To manage long-term interactions, the system employs an LLM-Curated Persistent Memory. Naively appending observations leads to unbounded context growth, so the Memory Curator performs incremental rewriting. It receives the current memory Mt−1 and the latest interaction record to produce an updated memory Mt. This operation compresses redundant information, resolves contradictions, and discards irrelevant details. The Curator organizes knowledge into four categories: physical environment, robot state, curated history of significant commands, and task state. Additionally, the system performs cross-modal position inference by intersecting camera observations with robot actions to estimate object locations relative to the robot.

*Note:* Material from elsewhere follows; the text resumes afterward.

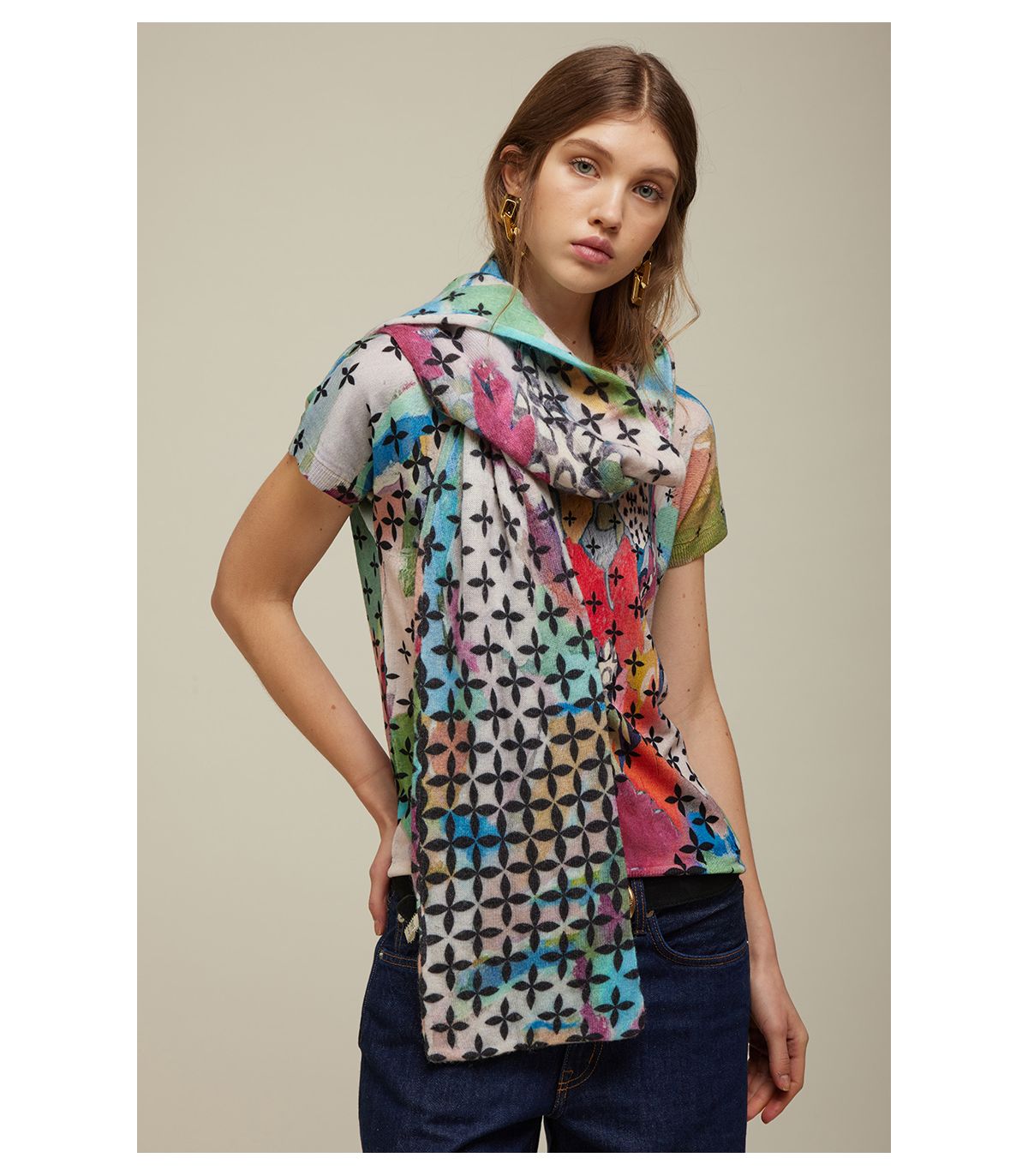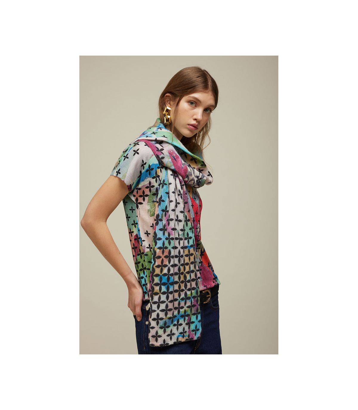 Stola in maglia con stampa digitale dal carattere contemporaneo

The physical embodiment used in the experiments, such as the mobile manipulator shown below, is defined entirely through natural language descriptions and API specifications.

Adapting the framework to a new platform requires authoring three text files: a robot description D, a tool definition file specifying actions A, and the task description. No source code, model weights, or reward functions are modified. The system learns via the LLM's context and through updates to the structured memory containing standard concepts such as position estimates and relevant past observations.
Experiment
- The framework was evaluated across three distinct robotic platforms (a robotic limb, a ground robot, and an underwater vehicle) to validate its ability to generalize across radically different morphologies and environments using identical control logic.
- Experiments in object localization, target approach, and underwater navigation demonstrated that the system successfully completed tasks in a reasonable number of steps, significantly outperforming random action baselines where applicable.
- Results indicate that the system effectively leverages the generalization capabilities of large language and vision models to solve navigation tasks without requiring platform-specific code modifications or training data.
- Performance analysis revealed that task completion time is primarily limited by sensor fidelity and the time required to locate objects, rather than by the underlying control architecture or model reasoning.
- The study confirms that a unified, zero-training control framework can be adapted to new robots using only natural language descriptions and existing APIs, though current limitations include high inference latency and a lack of direct depth information.